*Task details*: From the data that follows, copy every line holding the string "Pargots".

*Given records*:
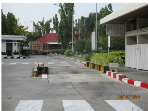
รูปที่ 19 พื้นที่ซังน้ำหนัก
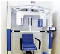
「歯科用CT」これで精密な画像が取得可能に
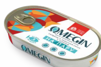
САРДИНЫ С ЗЕЛЕНЬЮ
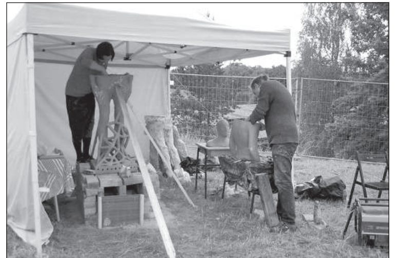
Совместное изготовление огненных скульптур.
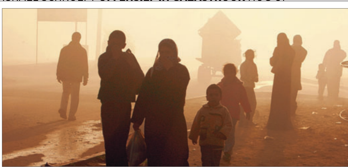
Palestijnen sloegen gisteren op de vlucht voor zware gevechten in de Gazastrook. Israëliëse troepen trokken er geleidelijk de dichtbevolkte woonwijken en vluchtelingenkampen binnen, op zoek naar militanten van Hamas. Die reageerden met raketaanvallen op het zuiden van Israël. Volgens Palestijnse dokters kostte de oorlog sinds 27 december al het leven aan meer dan 900 Palestijnen, onder wie ruim 250 kinderen. ■ Pagina 12
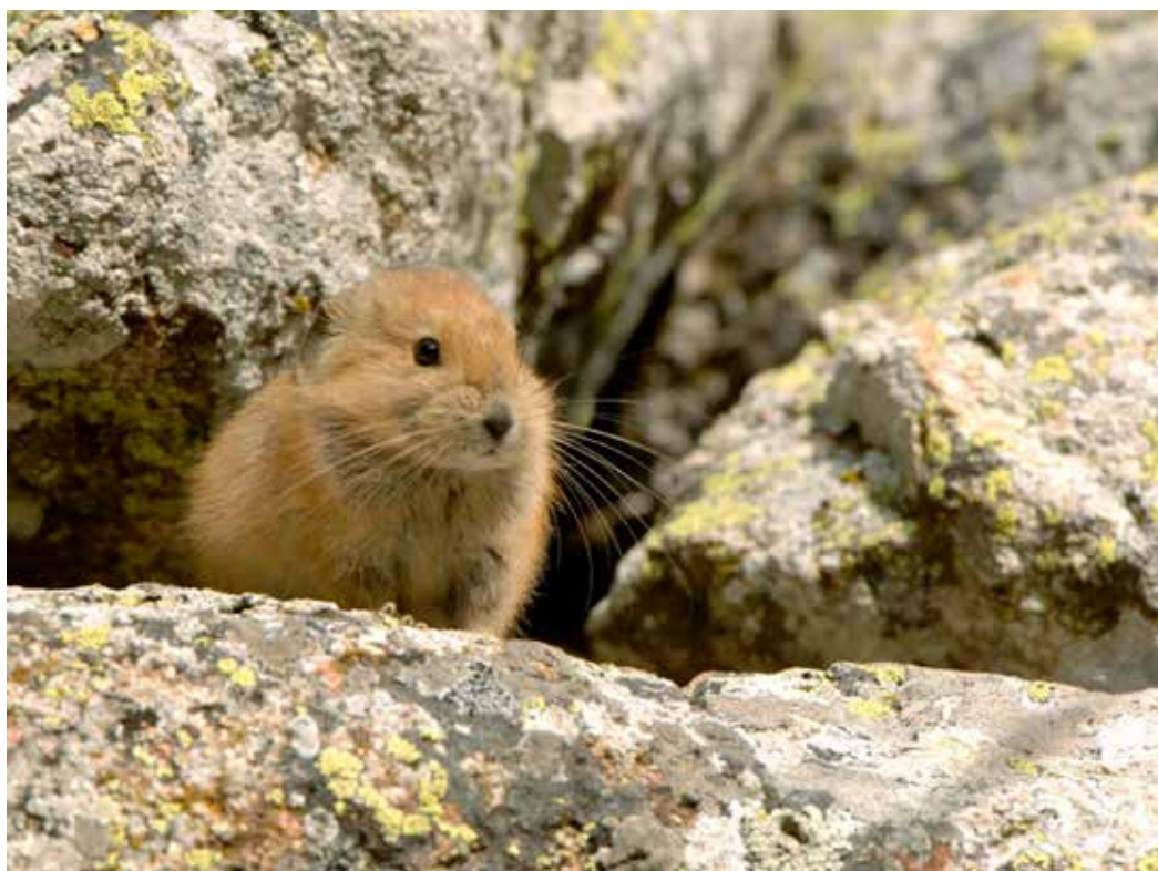
Ochotona rutila , хр. Кунгей Ала-Тоо, ущ. Кичи-Урюкты, июль 2006 г., А. Т. Давлетбаков
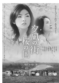
『夕風の街 桜の国』 2007年 監督:佐々部 清 原作: ころの中代(双葉社)
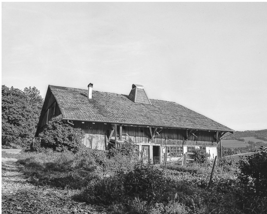
Ferme située au lieu-dit Les Pargots : façade latérale gauche.

25, Villers-le-Lac, 13 rue des Vieux Pargots, lieudit : les Pargots
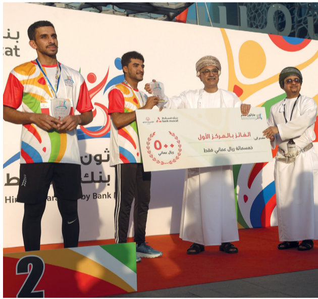
وليد الحشار يتوج الفائزين في الماراتون

احتفل بنك مسقط، المؤسسة المالية الرائدة في سلطنة عمان، بتنظيم «ماراتون همم من بنك مسقط» للأشخاص ذوي الإعاقة وذلك بالقر الرئيسي للبنك بمرتفات المطار بحضور الشيخ وليد بن خميس الحشار، الرئيس التنفيذي لبنك مسقط، وعدد من أعضاء الإدارة التنفيذية وممثلي الاولياد الخاص العماني بالإضافة إلى أكثر من 250 من المشاركين من ذوي الإعاقات الجسدية، والعقلية، والسمعية، بالإضافة إلى المصابين بطفح التوحد ومتلازمة داون، وبحضور عائلاتهم. ويأتي تنظيم هذه المبادرة المجتمعية ايماناً بالدور الكبير الذي تلعبه مثل هذه المبادرات في تعزيز عملية دمج هذه الفئة في المجتمع وإعطائهم الفرصة لإبراز قدراتهم ومواهبهم الرياضية حتى يتسنى لهم تحقيق طموحاتهم وأهدافهم.
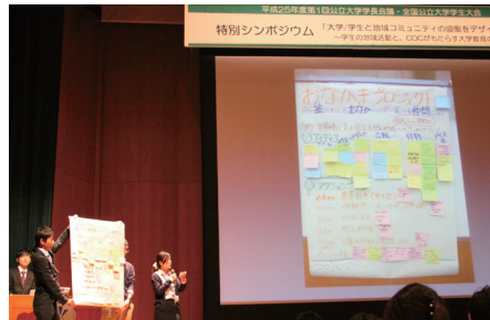
学生の投票により選ばれた 4 組が堂々と壇上で発表
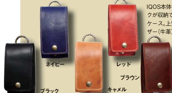
クックアイコスケース11 CUCKOO IQOS CASE 11 価格4644円

IQOS本体とヒートスティックが収納できる便利なIQOSケース。上質なイタリアンレザー(牛革)製。取り外しできるカラビナ付き。カバンやボトムのベルトループにぶら下げ可。サイズ:縦15×横6.5×幅6cm
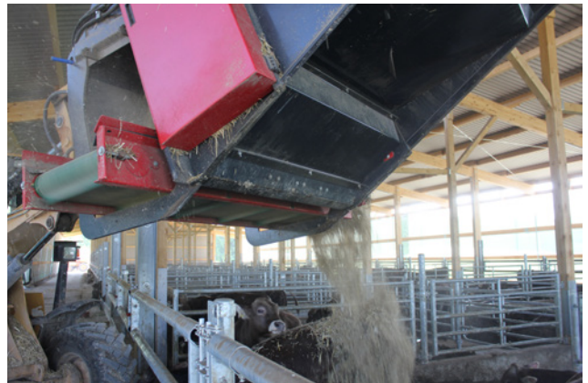
Füttern und Einstreuen mit einer Maschine
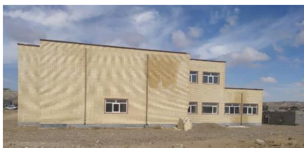
خانه فرهنگ و
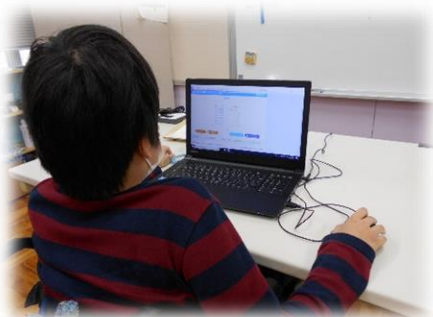
PC を使って文字入力
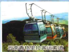
云南香格里拉客运索道
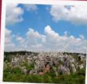
อุทยานป่าหิน
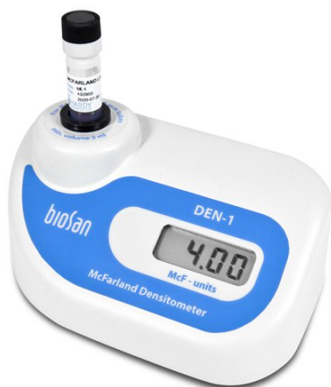
DEN-1 BS-050102-AAF Денситометр

Денситометр DEN-1 предназначен для измерения мутности клеточных суспензий в пределах диапазона 0,0–6,0 единиц МакФарланда (McF) ( 0 - 180 \times 10^7 клеток/мл).
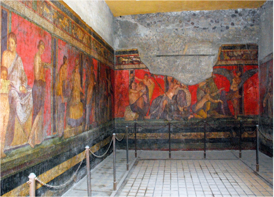
Villa de los Misterios (Pompeya)

SOCIEDAD ESPAÑOLA DE ESTUDIOS CLÁSICOS DELEGACIÓN DE MADRID
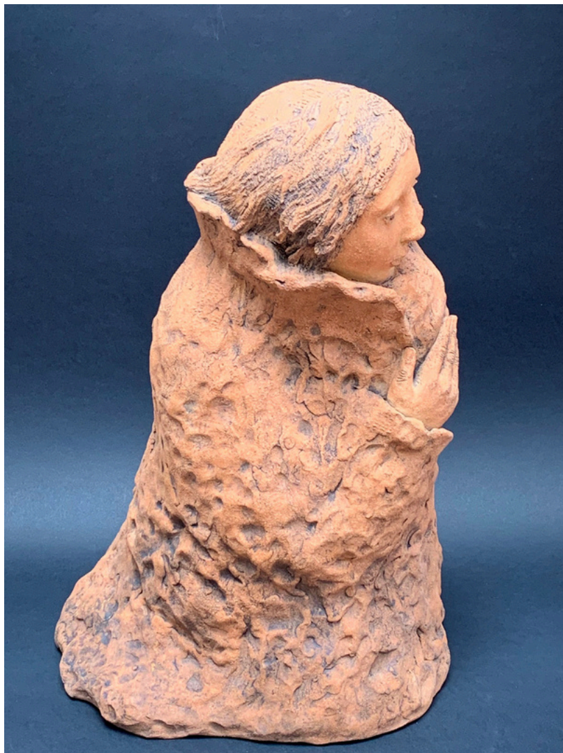
La main sur l'épaule Grès et oxydes cuisson 1260°
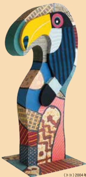
《トコ》2004年 神奈川県立近代美術館蔵
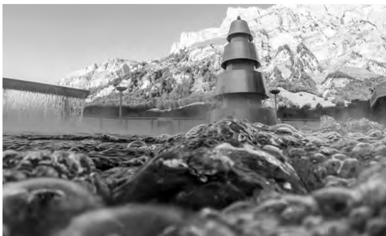
Vom 15. bis 23. Juli finden in Leukerbad die Schweizer Einzelmeisterschaften statt.

(die detaillierte Ausschreibung finden Sie in dieser Ausgabe)
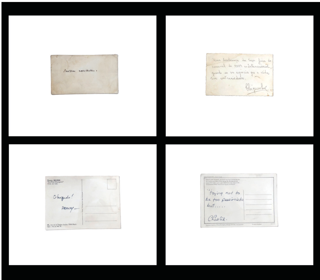
(Fig. 4: Renata Nassur. Verso (2018). Aquarela 63x74cm políptico)

O próprio vocábulo prostituição tem uma conotação que evoca um lugar público. O termo deriva do latim prosto , que significa estar as vistas, à espera de quem quer chegar ou estar exposto ao olhar público e possui outras designações como mulher de vida fácil e garota de programa. A prostituta é a mulher que aluga seu corpo para jogos sexuais sem amor e a sua imagem tem sido ligada à imoralidade e a um espaço de satisfação dos desejos sexuais masculinos (BATISTA, 2015).
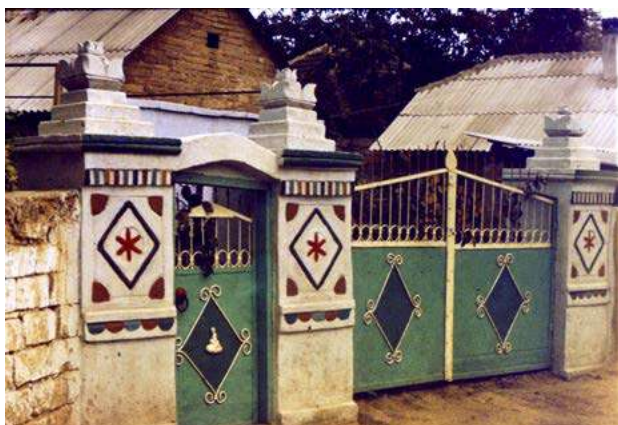
Fig. 5. Poartă, s. Butuceni (r-l Orhei). Foto V. Malcoci, 1998
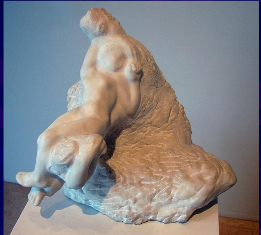
Огюст Роден (Амур и Психея)
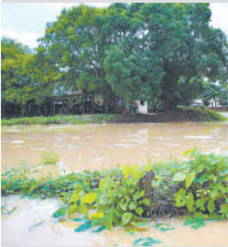
Las inundaciones causadas por las lluvias han afectado principalmente a Pando.

*Finished exercise*:
Ferme située au lieu-dit Les Pargots : façade latérale gauche.
25, Villers-le-Lac, 13 rue des Vieux Pargots, lieudit : les Pargots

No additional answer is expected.